Compared to English and other prevalent languages in the LLOD cloud, resources in Chinese are scarce. In this paper, we move a step towards increasing the presence of lexical information in Chinese in the LLOD cloud while linking it to data in other languages (Spanish and English in particular). Concretely, we have built a new dataset, Zhishi.lemon, which constitutes the lexical realization of Zhishi.me. The work closest to ours is Chinese WordNet (CWN) [7]. The main difference between the two efforts is that we focus on entity level word translation while CWN emphasizes conceptual word alignment. Further, Zhishi.me contains a larger number of entities than CWN, usually local denominations, making it a suitable candidate to enrich the LLOD cloud with additional Chinese entries.

In our approach, DBpediaFootnote 5 and BabelNetFootnote 6 are used as a bridge to help identify correspondences between lexical entries in different languages. We combine the lemon core with its translation module [6] to build linked data lexicons in Chinese with translations into Spanish and English. Additional descriptions and lexical relations can be obtained by querying these linked data LRs to enrich the information in Zhishi.me. One advantage is that all the lexical information and translations are external to the original resource (Zhishi.me) so that there is no need to modify it whenever new lexical information is added into Zhishi.lemon. This is consistent with the “semantics by reference” principle followed in lemon.

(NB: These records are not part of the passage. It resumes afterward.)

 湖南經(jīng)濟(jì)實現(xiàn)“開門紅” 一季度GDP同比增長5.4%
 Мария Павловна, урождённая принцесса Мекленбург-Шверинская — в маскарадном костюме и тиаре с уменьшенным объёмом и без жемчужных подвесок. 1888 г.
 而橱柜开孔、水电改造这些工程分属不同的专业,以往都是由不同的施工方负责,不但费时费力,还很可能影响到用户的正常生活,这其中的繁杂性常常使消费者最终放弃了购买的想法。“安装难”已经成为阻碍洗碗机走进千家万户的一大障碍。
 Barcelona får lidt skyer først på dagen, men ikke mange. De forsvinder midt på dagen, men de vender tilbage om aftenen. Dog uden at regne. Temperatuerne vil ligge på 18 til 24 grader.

The rest of this paper is organized as follows. Section 2 introduces technical details about linking Zhishi.me to the resources in the LLOD cloud. Section 3 gives an overview of the ontology we designed. Section 4 shows the access mechanisms and experiment results and we conclude the paper in Sect. 5.

2 Linking Zhishi.me to DBpedia and BabelNet

In this section, we introduce the approach used to link Zhishi.me to two widespread resources in the LLOD cloud, namely DBpedia (its Spanish and English portions in particular) and BabelNet. Detecting equivalences among them can help identify translations between entity labelsFootnote 7 expressed in different languages (Chinese, Spanish and English). However, it is impossible to manually align these three large datasets: not only it requires experts who are proficient in all the three languages, but it also needs great human labor due to the numerous resources to be aligned. We present an automatic way to tackle this problem.

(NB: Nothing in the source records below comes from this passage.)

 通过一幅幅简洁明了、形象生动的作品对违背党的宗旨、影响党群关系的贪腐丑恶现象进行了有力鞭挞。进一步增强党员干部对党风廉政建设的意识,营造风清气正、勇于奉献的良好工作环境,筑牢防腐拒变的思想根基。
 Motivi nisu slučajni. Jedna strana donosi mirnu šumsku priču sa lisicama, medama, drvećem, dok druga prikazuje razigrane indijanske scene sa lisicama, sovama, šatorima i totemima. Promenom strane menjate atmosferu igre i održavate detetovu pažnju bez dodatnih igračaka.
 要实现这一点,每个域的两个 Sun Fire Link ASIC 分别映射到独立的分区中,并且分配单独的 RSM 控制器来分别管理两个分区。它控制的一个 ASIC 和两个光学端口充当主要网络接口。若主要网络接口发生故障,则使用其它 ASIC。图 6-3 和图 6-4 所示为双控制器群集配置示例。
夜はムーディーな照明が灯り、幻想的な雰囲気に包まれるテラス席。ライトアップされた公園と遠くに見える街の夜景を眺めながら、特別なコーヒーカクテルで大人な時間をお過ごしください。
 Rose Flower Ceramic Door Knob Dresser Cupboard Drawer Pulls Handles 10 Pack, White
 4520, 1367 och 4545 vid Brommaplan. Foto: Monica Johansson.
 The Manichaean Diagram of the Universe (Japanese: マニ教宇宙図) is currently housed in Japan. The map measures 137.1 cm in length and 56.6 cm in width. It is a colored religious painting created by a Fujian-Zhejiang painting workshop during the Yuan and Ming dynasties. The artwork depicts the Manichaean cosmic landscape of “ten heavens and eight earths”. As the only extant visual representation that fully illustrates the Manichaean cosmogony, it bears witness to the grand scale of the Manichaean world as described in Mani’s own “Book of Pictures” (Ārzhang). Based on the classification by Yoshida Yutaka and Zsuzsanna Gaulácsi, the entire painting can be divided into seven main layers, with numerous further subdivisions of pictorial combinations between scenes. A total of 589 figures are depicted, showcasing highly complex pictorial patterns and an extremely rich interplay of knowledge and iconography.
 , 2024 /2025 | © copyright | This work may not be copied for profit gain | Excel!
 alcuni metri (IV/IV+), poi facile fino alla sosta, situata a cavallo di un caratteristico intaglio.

DBpedia is making a major impact on the LLOD. In order to link Chinese resources in Zhishi.me to Spanish and English DBpedia, we turn to the cross-lingual equivalence relations in DBpedia to retrieve the corresponding translations. Since Zhishi.me includes Chinese Wikipedia as one of its sources and interlinks its resources to the equivalent ones in the other two sources (Baidu Baike and Hudong Baike), Chinese Wikipedia serves as a bridge to help detect links from Chinese resources to both their Spanish and English equivalences.

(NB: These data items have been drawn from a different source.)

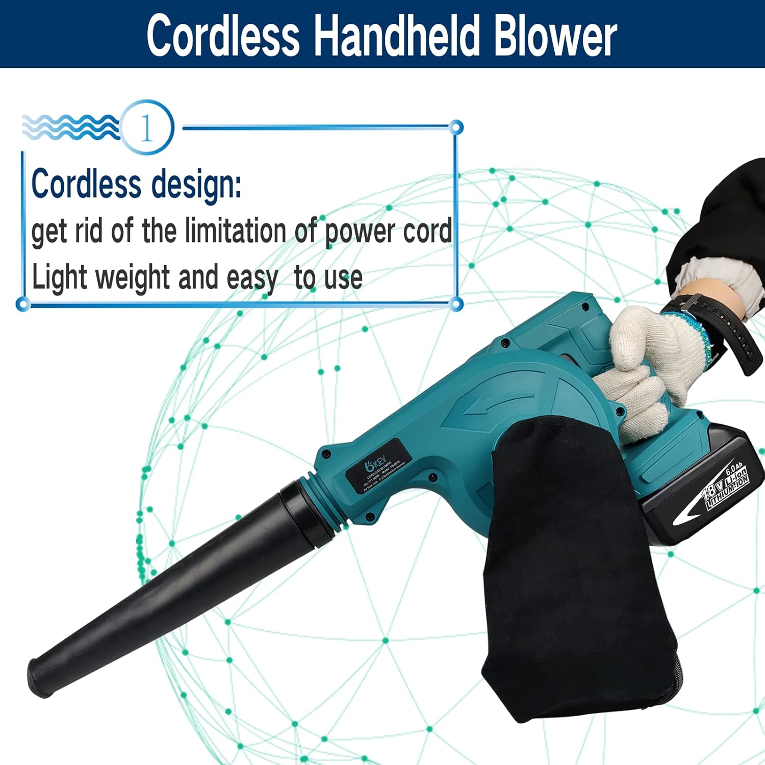 Cordless Leaf Blower-2 Packs 6.0Ah BL1860B Battery and DC18RC Charger Compatible with Makita 18V Cordless Leaf for Dust,Snow Debris,Yard,Hard to Clean Corner
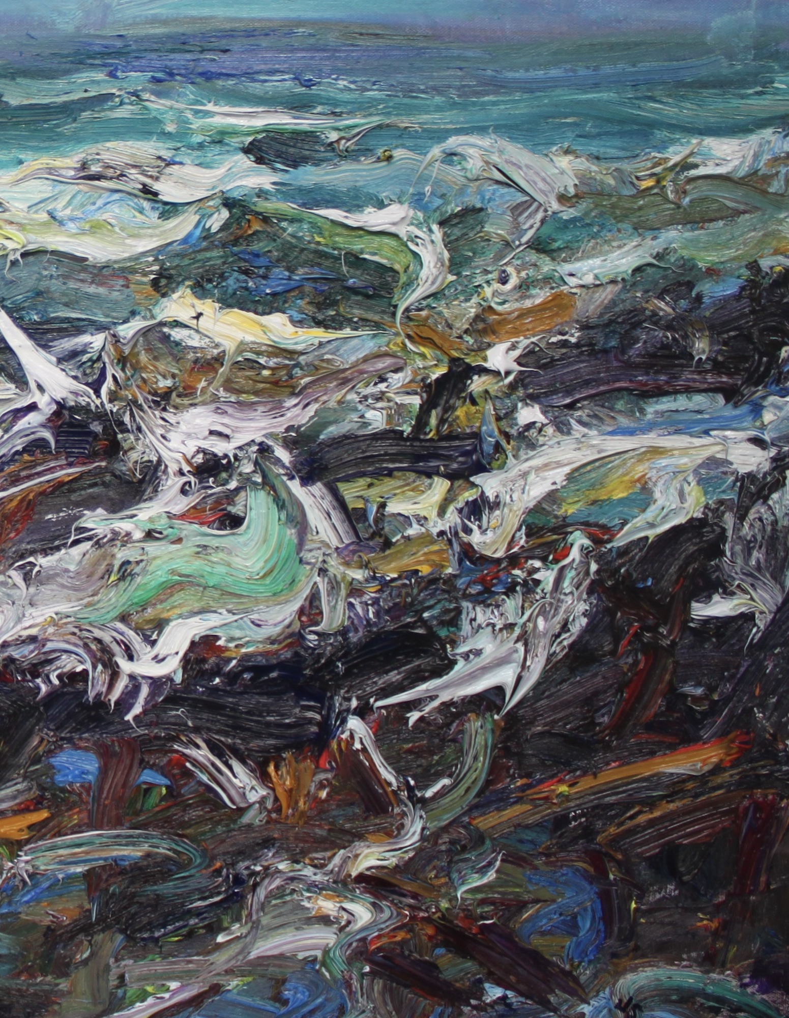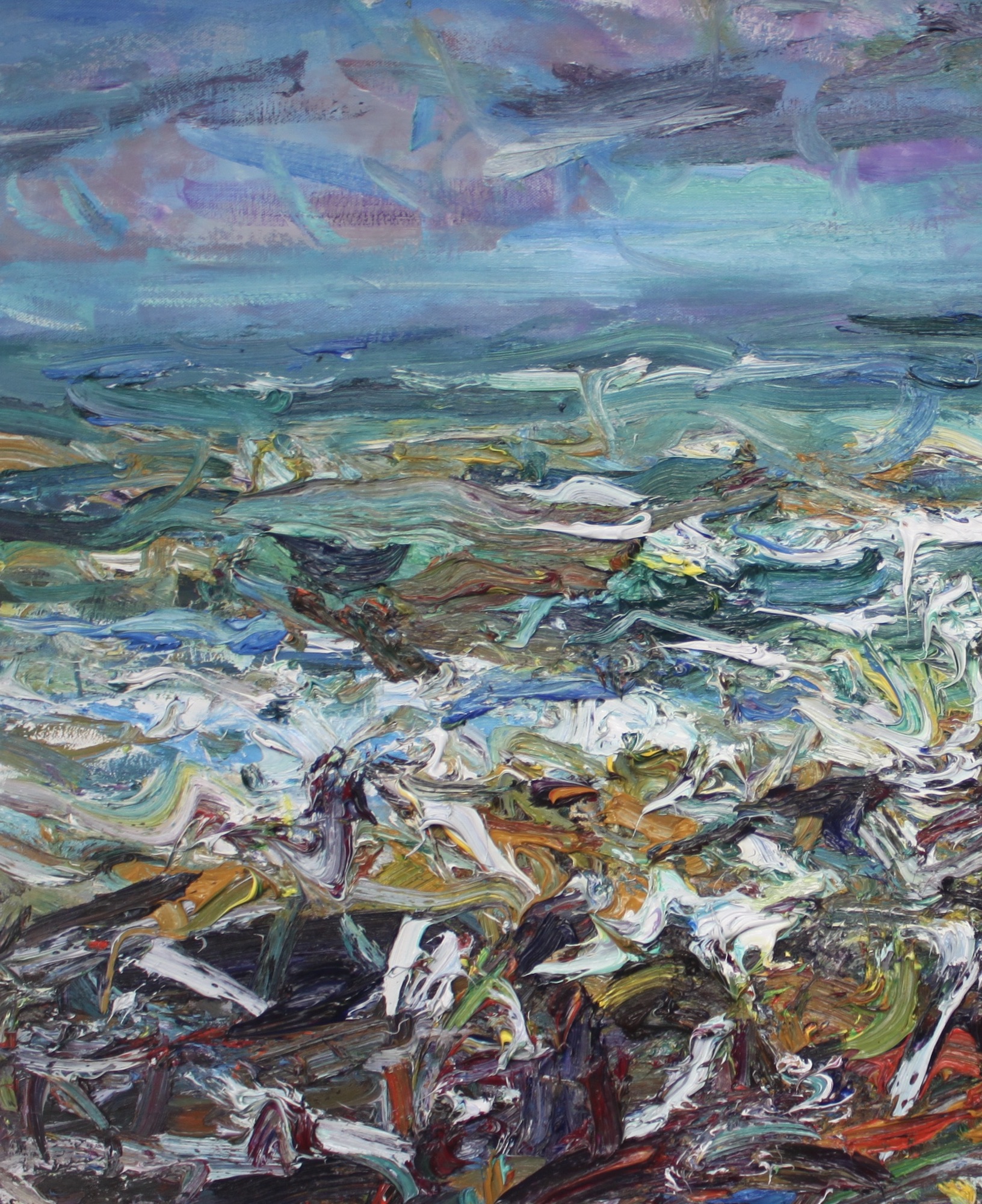 Before painting, Jonathan Shearer totally immerges himself in the wild landscapes and establishes a connection by extensively walking through them, by contemplating them and by visiting them multiple times. On site he draws small oil sketches and takes digital photographs, which he uses as a reference for the final artworks that he paints later at the studio. His way of painting at the studio is strongly gestural and vigorous, causing sometimes the paint to run and drip on the surface.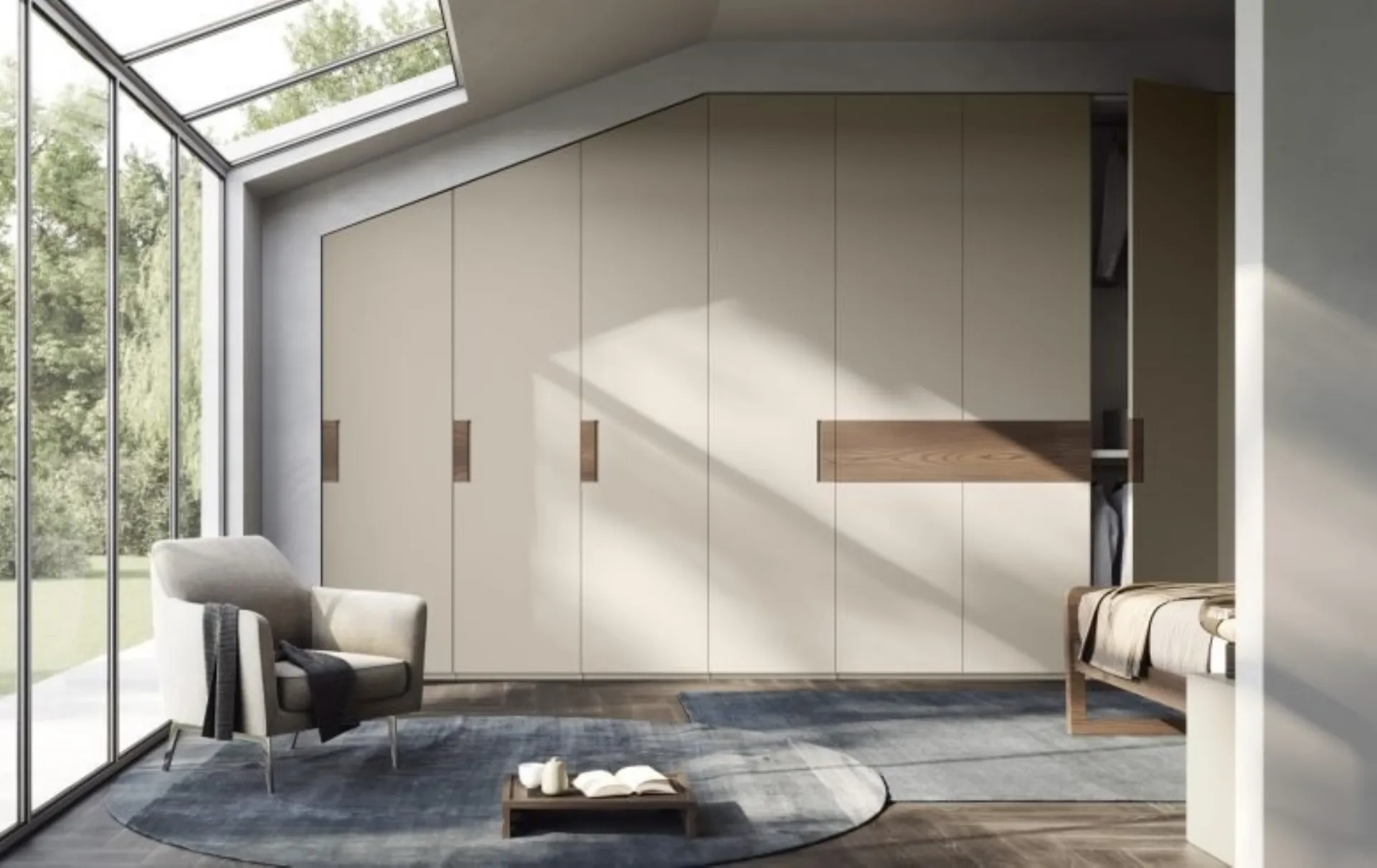 Se vuoi una camera da letto ammobiliata al meglio, scegli l'armadio Segno per mansarde con ante battenti di Fimar!

The highly multilingual nature of BabelNet can also be exploited to discover additional equivalences between resources in different languages. However, more than one “Babel synset” can be found for every ambiguous Chinese term. In order to identify the correct “Babel synset”, we use the category labels in both BabelNet and Zhishi.me to find the disambiguation result for each Chinese term. BabelNet extracts categories of Wikipedia pages and maps them to WordNet. In [11], we publish the Chinese Linked Open Schema, which has further refined the existing categories in Zhishi.me, so that categories in both Zhishi.me and BabelNet are well-organized and of good quality. Therefore, we can collect a set of category labels from both sources for a given term in Zhishi.me. The larger the overlap between the category set of the term in Zhishi.me and that of the “Babel synset” in BabelNet, the higher the probability that the term can be mapped to that “Babel synset”. The “Babel synset” with the largest overlap is then selected as the disambiguation result.

3 Ontology Overview

We create a new lexical dataset, Zhishi.lemon, which constitutes the lexical realization of Zhishi.me and contains its translations into other languages. In order to explain the dataset concretely, we divide it into two parts (namely the Chinese lexicalization module and the multilingual translation module) and provide a detailed analysis for each of them in the following two subsections.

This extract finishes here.